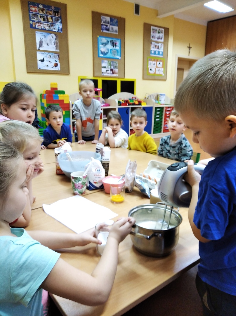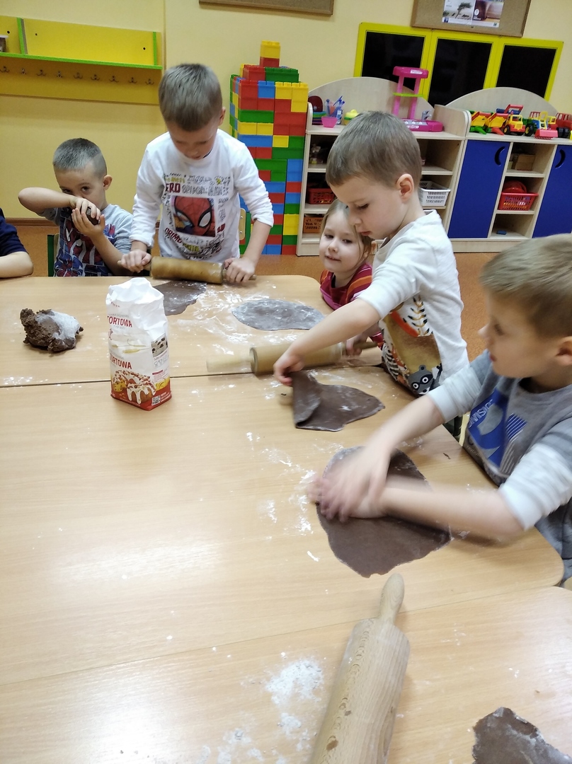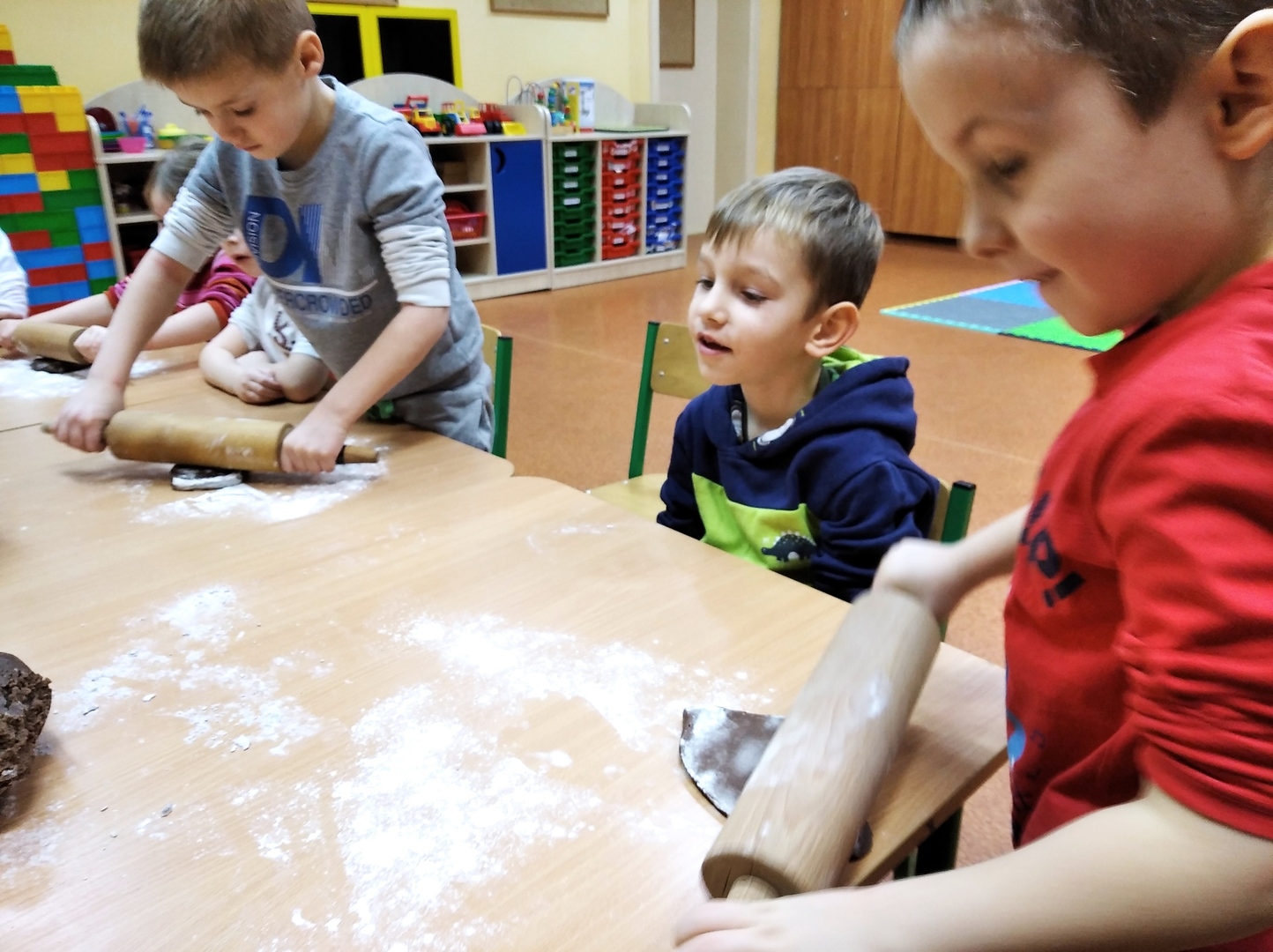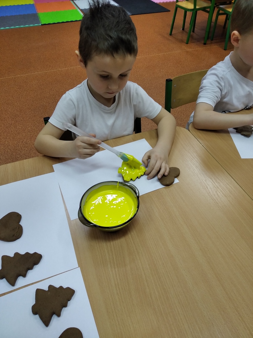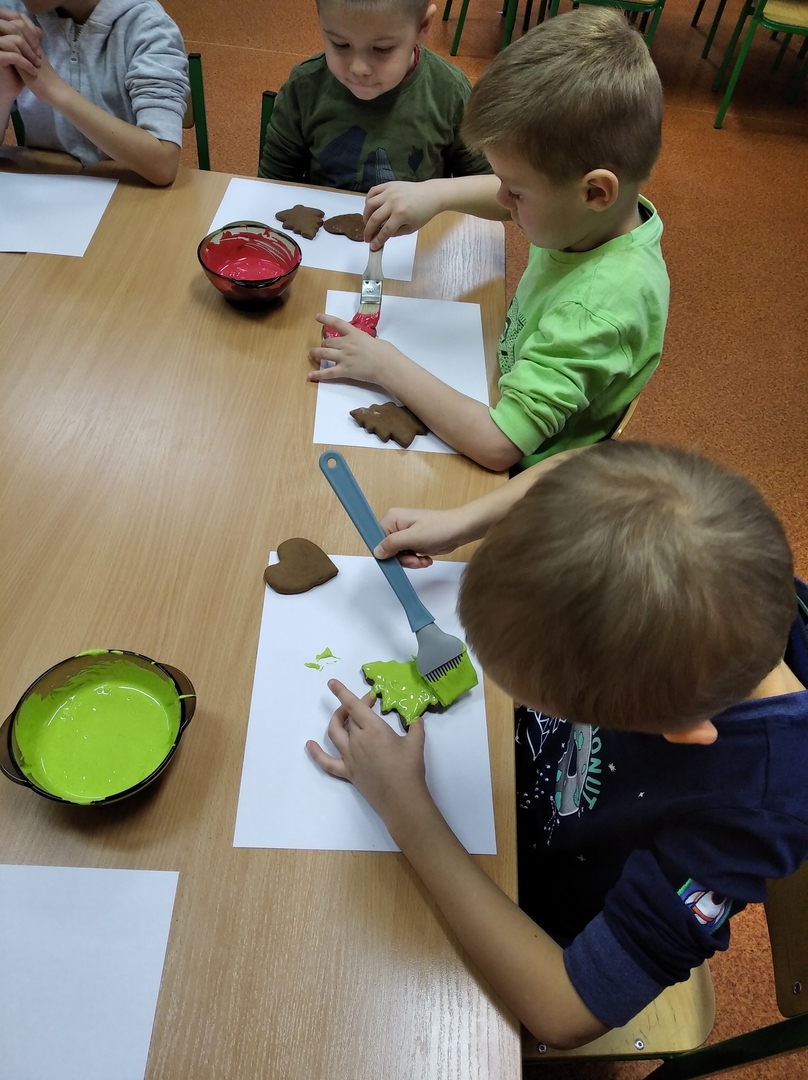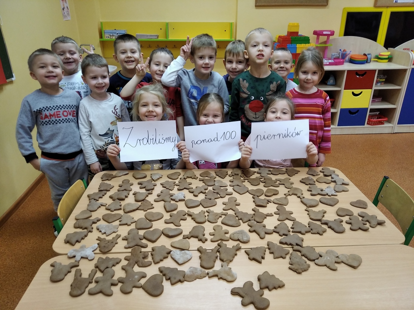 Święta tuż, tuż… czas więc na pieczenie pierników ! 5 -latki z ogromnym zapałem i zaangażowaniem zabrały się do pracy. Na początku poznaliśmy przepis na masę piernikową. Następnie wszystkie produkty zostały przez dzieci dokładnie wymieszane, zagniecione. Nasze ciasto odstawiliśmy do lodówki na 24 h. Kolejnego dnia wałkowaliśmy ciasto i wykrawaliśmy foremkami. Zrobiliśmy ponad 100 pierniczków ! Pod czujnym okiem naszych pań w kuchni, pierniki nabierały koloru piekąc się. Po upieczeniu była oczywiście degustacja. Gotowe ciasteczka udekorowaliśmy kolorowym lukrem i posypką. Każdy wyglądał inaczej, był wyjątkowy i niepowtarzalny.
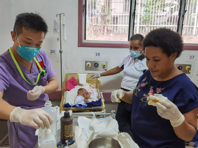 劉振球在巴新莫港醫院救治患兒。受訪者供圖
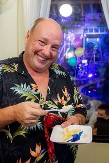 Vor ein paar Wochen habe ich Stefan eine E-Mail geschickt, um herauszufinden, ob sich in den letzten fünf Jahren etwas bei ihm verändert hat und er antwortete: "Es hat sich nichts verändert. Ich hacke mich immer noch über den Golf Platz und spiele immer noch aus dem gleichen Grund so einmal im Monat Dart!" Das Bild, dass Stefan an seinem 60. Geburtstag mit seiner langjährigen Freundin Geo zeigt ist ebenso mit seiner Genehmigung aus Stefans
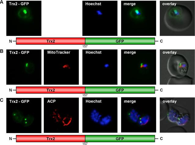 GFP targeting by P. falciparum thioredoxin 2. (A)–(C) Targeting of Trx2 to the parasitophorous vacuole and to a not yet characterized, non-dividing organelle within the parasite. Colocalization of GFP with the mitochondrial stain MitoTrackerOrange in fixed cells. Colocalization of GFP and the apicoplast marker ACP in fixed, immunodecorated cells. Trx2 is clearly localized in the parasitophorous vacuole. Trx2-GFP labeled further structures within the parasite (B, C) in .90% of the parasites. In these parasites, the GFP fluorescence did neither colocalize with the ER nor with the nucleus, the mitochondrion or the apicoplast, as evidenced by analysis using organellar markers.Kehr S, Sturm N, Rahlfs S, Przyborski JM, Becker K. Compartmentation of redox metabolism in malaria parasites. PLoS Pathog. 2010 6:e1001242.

+++++

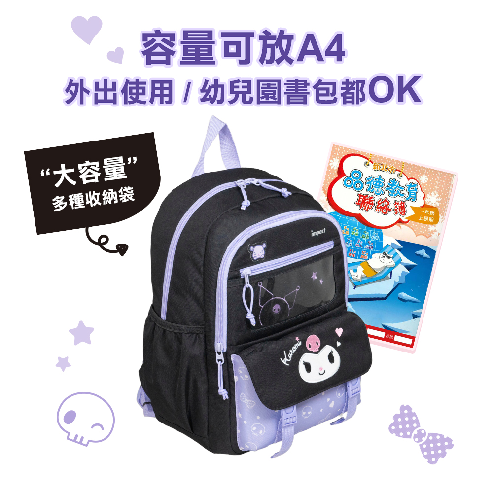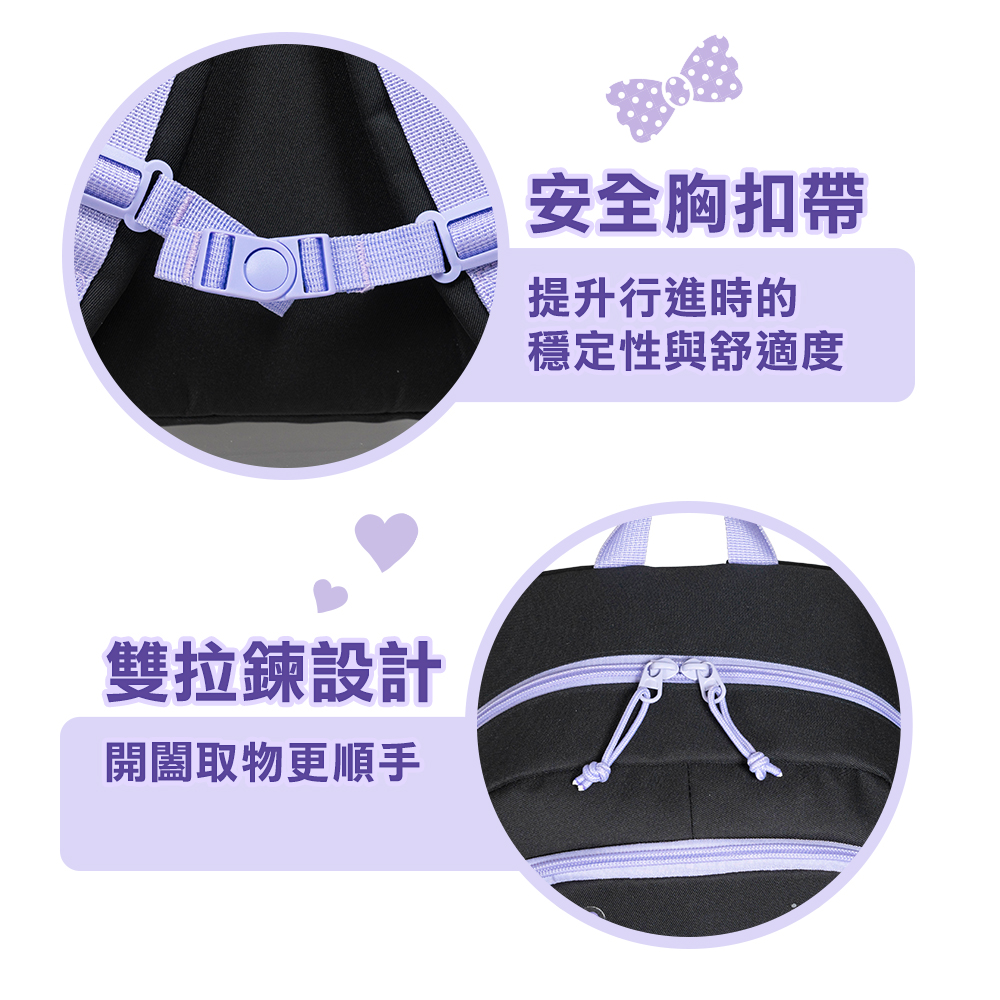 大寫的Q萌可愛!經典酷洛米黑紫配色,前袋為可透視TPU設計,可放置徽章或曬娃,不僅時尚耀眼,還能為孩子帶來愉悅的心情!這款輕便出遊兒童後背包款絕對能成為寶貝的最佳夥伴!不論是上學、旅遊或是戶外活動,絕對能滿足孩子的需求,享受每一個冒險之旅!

+++++

THE PROBLEM:
Starting at the line containing "Święta tuż, tuż…" and stopping at the line containing "Vor ein paar", output each line exactly as it appears above. Leave out the pictures.

RESPONSE TO THE TASK:
 Święta tuż, tuż… czas więc na pieczenie pierników ! 5 -latki z ogromnym zapałem i zaangażowaniem zabrały się do pracy. Na początku poznaliśmy przepis na masę piernikową. Następnie wszystkie produkty zostały przez dzieci dokładnie wymieszane, zagniecione. Nasze ciasto odstawiliśmy do lodówki na 24 h. Kolejnego dnia wałkowaliśmy ciasto i wykrawaliśmy foremkami. Zrobiliśmy ponad 100 pierniczków ! Pod czujnym okiem naszych pań w kuchni, pierniki nabierały koloru piekąc się. Po upieczeniu była oczywiście degustacja. Gotowe ciasteczka udekorowaliśmy kolorowym lukrem i posypką. Każdy wyglądał inaczej, był wyjątkowy i niepowtarzalny.
 劉振球在巴新莫港醫院救治患兒。受訪者供圖
 Vor ein paar Wochen habe ich Stefan eine E-Mail geschickt, um herauszufinden, ob sich in den letzten fünf Jahren etwas bei ihm verändert hat und er antwortete: "Es hat sich nichts verändert. Ich hacke mich immer noch über den Golf Platz und spiele immer noch aus dem gleichen Grund so einmal im Monat Dart!" Das Bild, dass Stefan an seinem 60. Geburtstag mit seiner langjährigen Freundin Geo zeigt ist ebenso mit seiner Genehmigung aus Stefans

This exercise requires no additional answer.